Exercise objective:
Everything in the listing below needs restating exactly, apart from the pictures.

Data block:
○ ○ ○

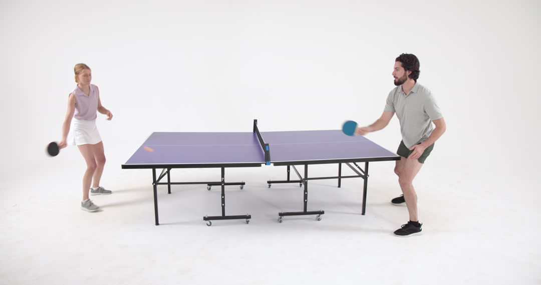 Two people are playing table tennis in an indoor studio. Both appear focused and competitive, emphasizing sportsmanship and practice. It is an energetic scene ideal for promoting fitness activities, emphasizing the intensity and agility of indoor sports. Useful for websites related to exercise programs, sports gear sales, or competitive sports training.
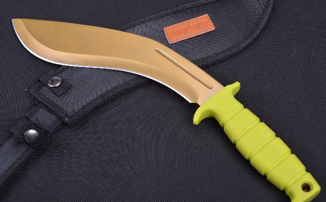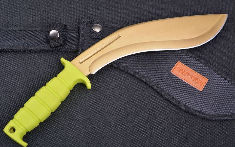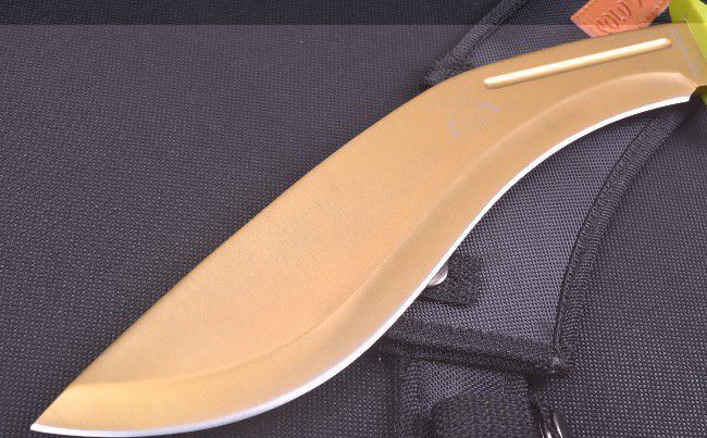 冷钢战俘金狗腿弯刀 全 长: 39.5cm 刃 长: 27cm 柄 长: 13cm 刃 厚: 6mm 刃 材: 不锈钢 硬 度: 58HRC 重 量: 650g 表 面: 镀金钛 柄 材: ABS
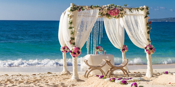 The bride, groom and the whole wedding party were still drying off while the guests arrived for the wedding.
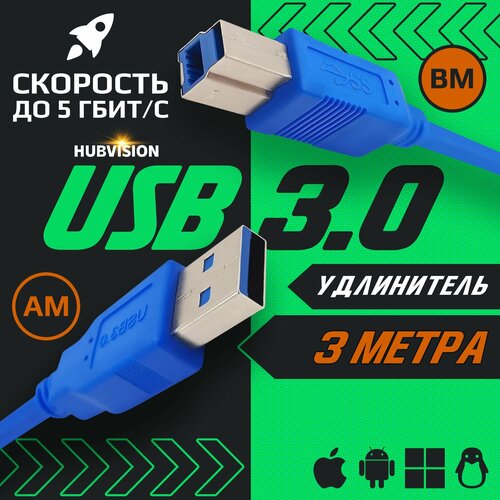 Кабель USB 3.0 для принтера, МФУ, сканера (AM-BM / папа-папа) 3 метра

○ ○ ○

Reply:
 Two people are playing table tennis in an indoor studio. Both appear focused and competitive, emphasizing sportsmanship and practice. It is an energetic scene ideal for promoting fitness activities, emphasizing the intensity and agility of indoor sports. Useful for websites related to exercise programs, sports gear sales, or competitive sports training.
 冷钢战俘金狗腿弯刀 全 长: 39.5cm 刃 长: 27cm 柄 长: 13cm 刃 厚: 6mm 刃 材: 不锈钢 硬 度: 58HRC 重 量: 650g 表 面: 镀金钛 柄 材: ABS
 The bride, groom and the whole wedding party were still drying off while the guests arrived for the wedding.
 Кабель USB 3.0 для принтера, МФУ, сканера (AM-BM / папа-папа) 3 метра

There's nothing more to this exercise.